An exact reproduction of the entries is needed. Keep all pictures out of it.

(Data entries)
----------------

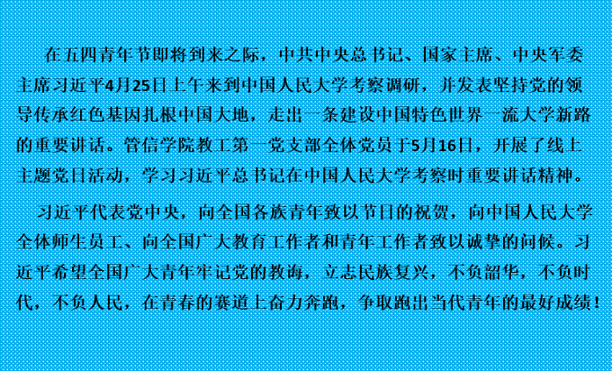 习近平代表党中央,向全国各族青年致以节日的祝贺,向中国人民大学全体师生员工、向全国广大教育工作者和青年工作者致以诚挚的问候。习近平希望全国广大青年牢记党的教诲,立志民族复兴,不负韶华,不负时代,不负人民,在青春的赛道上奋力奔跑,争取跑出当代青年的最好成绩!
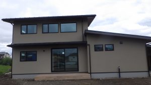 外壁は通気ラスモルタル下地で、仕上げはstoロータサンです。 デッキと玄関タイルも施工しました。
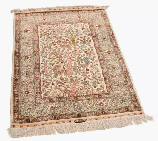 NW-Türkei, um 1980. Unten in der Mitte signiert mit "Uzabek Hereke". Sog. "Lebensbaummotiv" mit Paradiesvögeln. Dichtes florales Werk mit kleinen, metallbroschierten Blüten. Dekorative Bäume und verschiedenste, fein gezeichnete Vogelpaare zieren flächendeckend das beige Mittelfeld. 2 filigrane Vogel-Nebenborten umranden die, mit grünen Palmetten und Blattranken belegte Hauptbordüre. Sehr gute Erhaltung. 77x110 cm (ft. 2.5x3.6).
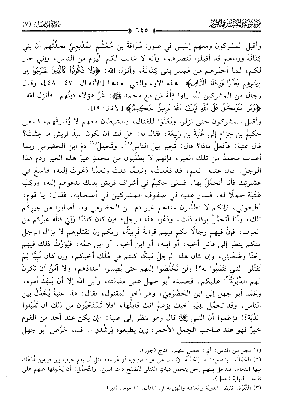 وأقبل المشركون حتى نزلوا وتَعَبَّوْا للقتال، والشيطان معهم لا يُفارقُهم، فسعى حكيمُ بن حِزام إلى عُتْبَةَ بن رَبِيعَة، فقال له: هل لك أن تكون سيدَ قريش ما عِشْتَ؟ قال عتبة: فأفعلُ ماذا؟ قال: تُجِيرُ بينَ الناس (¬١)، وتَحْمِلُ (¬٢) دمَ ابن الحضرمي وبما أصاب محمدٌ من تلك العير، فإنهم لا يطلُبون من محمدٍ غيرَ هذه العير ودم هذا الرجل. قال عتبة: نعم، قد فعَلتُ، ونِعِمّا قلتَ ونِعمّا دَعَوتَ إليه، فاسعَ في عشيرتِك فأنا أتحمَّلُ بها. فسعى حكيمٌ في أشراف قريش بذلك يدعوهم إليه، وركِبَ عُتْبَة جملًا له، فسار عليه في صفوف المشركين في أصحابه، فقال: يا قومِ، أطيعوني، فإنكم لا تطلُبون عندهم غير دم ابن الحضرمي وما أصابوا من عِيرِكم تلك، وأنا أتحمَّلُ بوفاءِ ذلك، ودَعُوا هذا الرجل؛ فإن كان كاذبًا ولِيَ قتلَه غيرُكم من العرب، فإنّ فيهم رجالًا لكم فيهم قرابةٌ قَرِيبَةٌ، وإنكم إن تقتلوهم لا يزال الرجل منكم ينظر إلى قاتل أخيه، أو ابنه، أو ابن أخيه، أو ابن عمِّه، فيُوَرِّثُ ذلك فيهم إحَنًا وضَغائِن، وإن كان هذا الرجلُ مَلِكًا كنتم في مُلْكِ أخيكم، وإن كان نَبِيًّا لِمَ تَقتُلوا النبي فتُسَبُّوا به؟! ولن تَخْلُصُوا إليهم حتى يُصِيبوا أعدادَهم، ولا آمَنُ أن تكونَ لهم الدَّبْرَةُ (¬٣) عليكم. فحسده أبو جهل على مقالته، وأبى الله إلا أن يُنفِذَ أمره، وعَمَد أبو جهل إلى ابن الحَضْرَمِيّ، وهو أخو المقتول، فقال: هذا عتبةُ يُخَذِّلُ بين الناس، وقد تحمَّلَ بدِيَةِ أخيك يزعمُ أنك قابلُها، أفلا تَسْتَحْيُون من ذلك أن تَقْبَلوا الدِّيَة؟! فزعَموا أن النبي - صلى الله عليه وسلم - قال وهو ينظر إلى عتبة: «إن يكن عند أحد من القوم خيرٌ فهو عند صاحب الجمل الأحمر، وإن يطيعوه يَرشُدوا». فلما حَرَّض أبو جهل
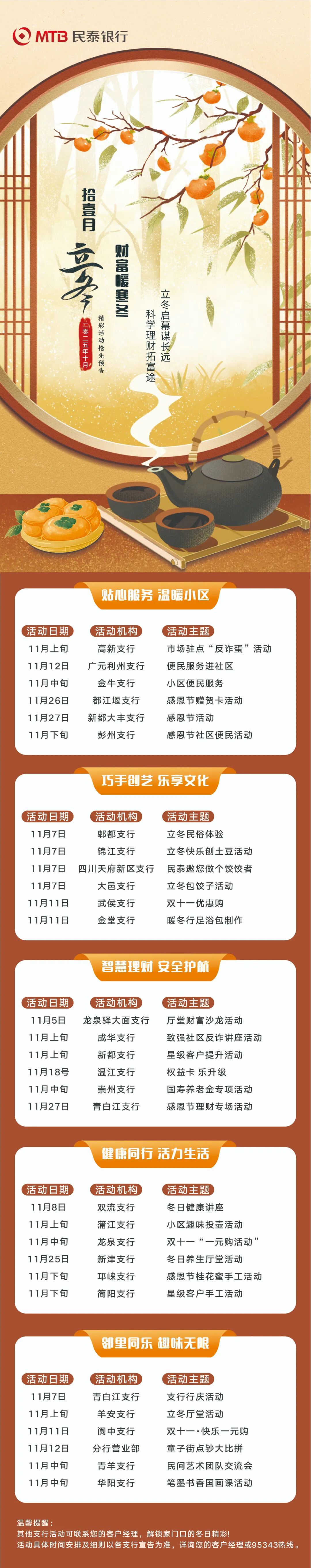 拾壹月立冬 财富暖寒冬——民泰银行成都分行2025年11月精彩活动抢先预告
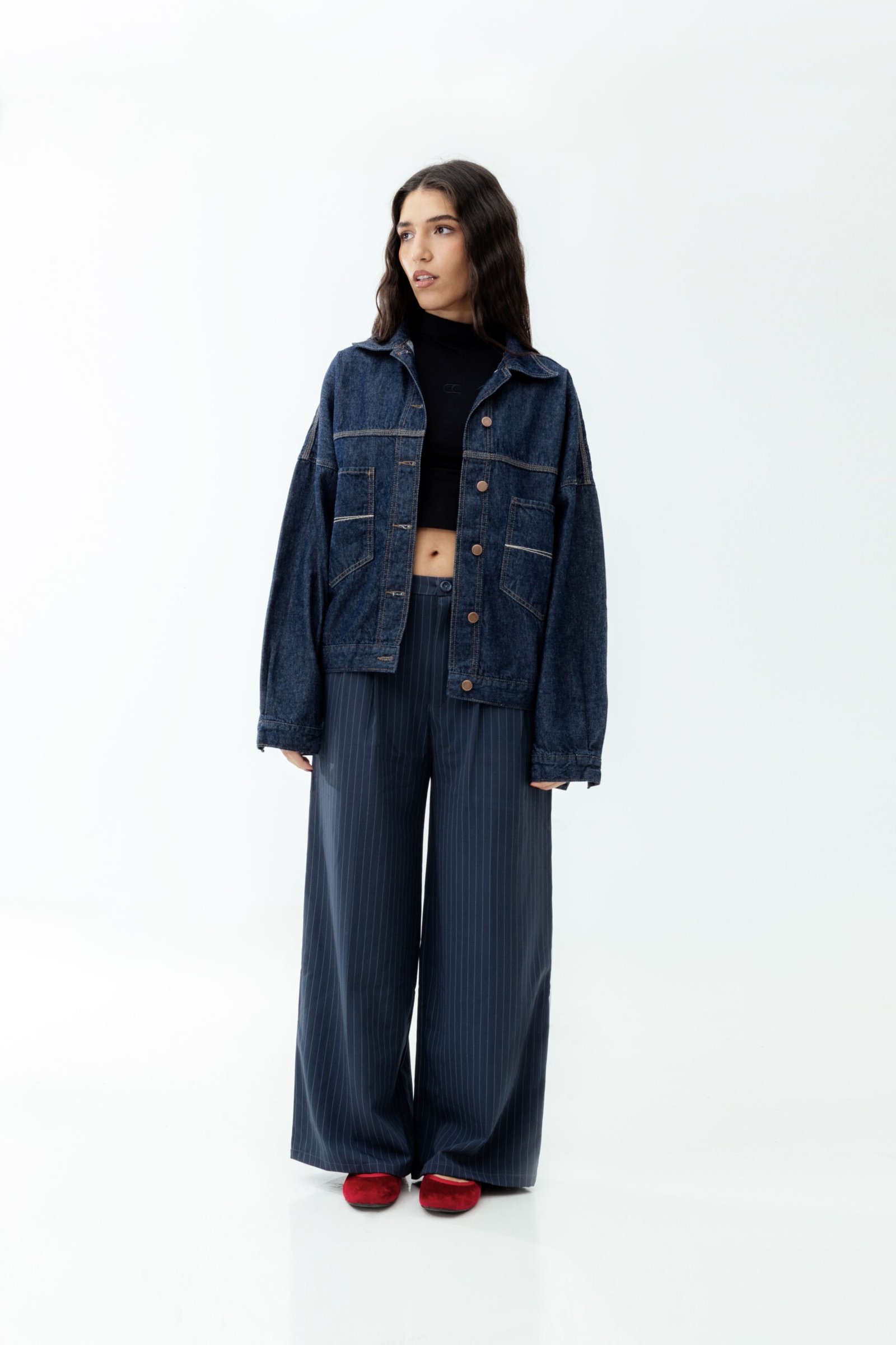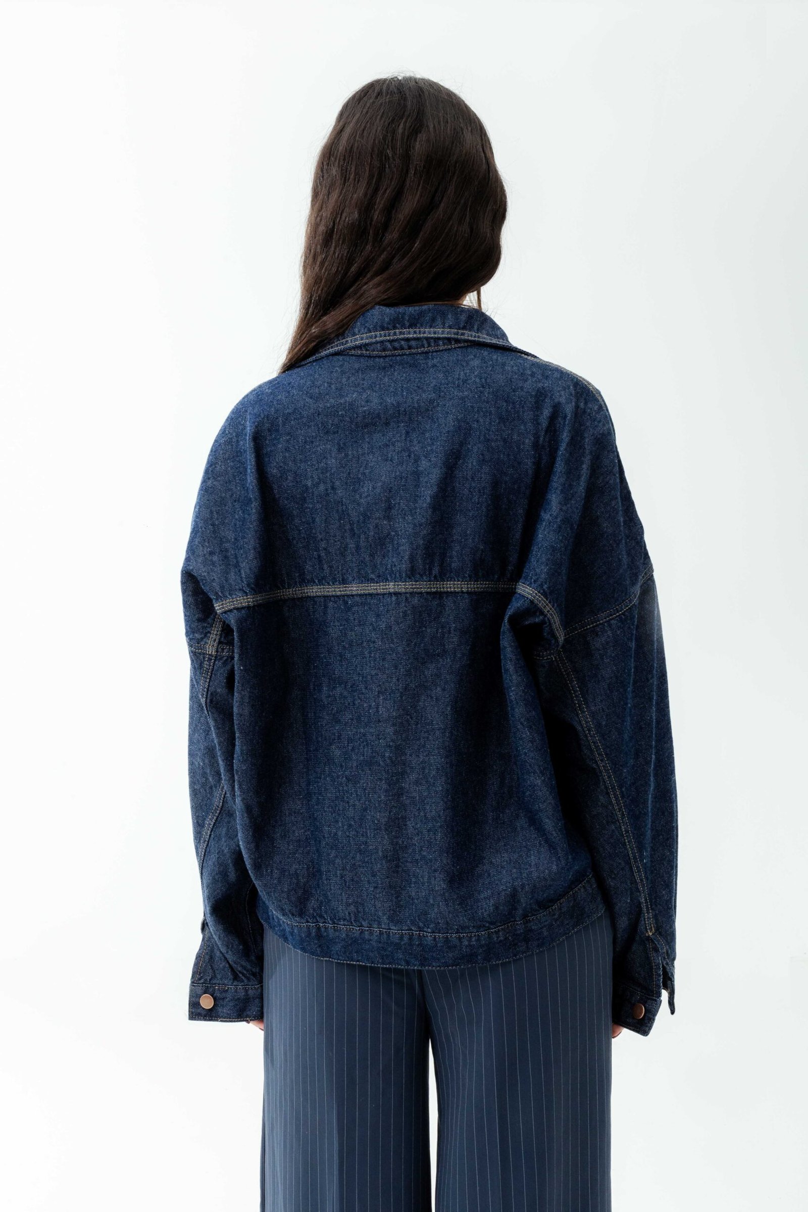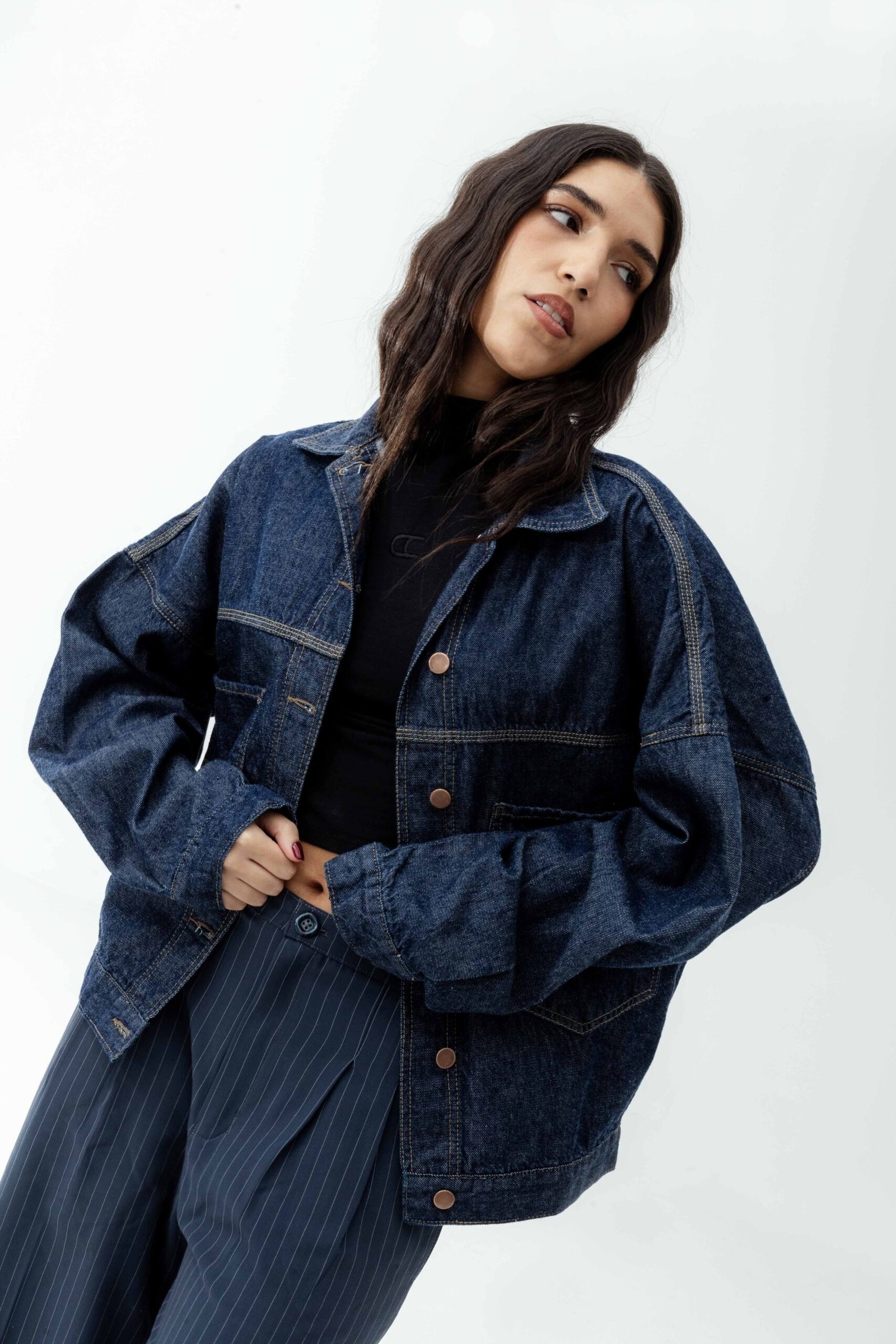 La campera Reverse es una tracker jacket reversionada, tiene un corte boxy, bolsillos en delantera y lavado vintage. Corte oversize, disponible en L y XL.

----------------

Task result -
 习近平代表党中央,向全国各族青年致以节日的祝贺,向中国人民大学全体师生员工、向全国广大教育工作者和青年工作者致以诚挚的问候。习近平希望全国广大青年牢记党的教诲,立志民族复兴,不负韶华,不负时代,不负人民,在青春的赛道上奋力奔跑,争取跑出当代青年的最好成绩!
 外壁は通気ラスモルタル下地で、仕上げはstoロータサンです。 デッキと玄関タイルも施工しました。
 NW-Türkei, um 1980. Unten in der Mitte signiert mit "Uzabek Hereke". Sog. "Lebensbaummotiv" mit Paradiesvögeln. Dichtes florales Werk mit kleinen, metallbroschierten Blüten. Dekorative Bäume und verschiedenste, fein gezeichnete Vogelpaare zieren flächendeckend das beige Mittelfeld. 2 filigrane Vogel-Nebenborten umranden die, mit grünen Palmetten und Blattranken belegte Hauptbordüre. Sehr gute Erhaltung. 77x110 cm (ft. 2.5x3.6).
 وأقبل المشركون حتى نزلوا وتَعَبَّوْا للقتال، والشيطان معهم لا يُفارقُهم، فسعى حكيمُ بن حِزام إلى عُتْبَةَ بن رَبِيعَة، فقال له: هل لك أن تكون سيدَ قريش ما عِشْتَ؟ قال عتبة: فأفعلُ ماذا؟ قال: تُجِيرُ بينَ الناس (¬١)، وتَحْمِلُ (¬٢) دمَ ابن الحضرمي وبما أصاب محمدٌ من تلك العير، فإنهم لا يطلُبون من محمدٍ غيرَ هذه العير ودم هذا الرجل. قال عتبة: نعم، قد فعَلتُ، ونِعِمّا قلتَ ونِعمّا دَعَوتَ إليه، فاسعَ في عشيرتِك فأنا أتحمَّلُ بها. فسعى حكيمٌ في أشراف قريش بذلك يدعوهم إليه، وركِبَ عُتْبَة جملًا له، فسار عليه في صفوف المشركين في أصحابه، فقال: يا قومِ، أطيعوني، فإنكم لا تطلُبون عندهم غير دم ابن الحضرمي وما أصابوا من عِيرِكم تلك، وأنا أتحمَّلُ بوفاءِ ذلك، ودَعُوا هذا الرجل؛ فإن كان كاذبًا ولِيَ قتلَه غيرُكم من العرب، فإنّ فيهم رجالًا لكم فيهم قرابةٌ قَرِيبَةٌ، وإنكم إن تقتلوهم لا يزال الرجل منكم ينظر إلى قاتل أخيه، أو ابنه، أو ابن أخيه، أو ابن عمِّه، فيُوَرِّثُ ذلك فيهم إحَنًا وضَغائِن، وإن كان هذا الرجلُ مَلِكًا كنتم في مُلْكِ أخيكم، وإن كان نَبِيًّا لِمَ تَقتُلوا النبي فتُسَبُّوا به؟! ولن تَخْلُصُوا إليهم حتى يُصِيبوا أعدادَهم، ولا آمَنُ أن تكونَ لهم الدَّبْرَةُ (¬٣) عليكم. فحسده أبو جهل على مقالته، وأبى الله إلا أن يُنفِذَ أمره، وعَمَد أبو جهل إلى ابن الحَضْرَمِيّ، وهو أخو المقتول، فقال: هذا عتبةُ يُخَذِّلُ بين الناس، وقد تحمَّلَ بدِيَةِ أخيك يزعمُ أنك قابلُها، أفلا تَسْتَحْيُون من ذلك أن تَقْبَلوا الدِّيَة؟! فزعَموا أن النبي - صلى الله عليه وسلم - قال وهو ينظر إلى عتبة: «إن يكن عند أحد من القوم خيرٌ فهو عند صاحب الجمل الأحمر، وإن يطيعوه يَرشُدوا». فلما حَرَّض أبو جهل
 拾壹月立冬 财富暖寒冬——民泰银行成都分行2025年11月精彩活动抢先预告
 La campera Reverse es una tracker jacket reversionada, tiene un corte boxy, bolsillos en delantera y lavado vintage. Corte oversize, disponible en L y XL.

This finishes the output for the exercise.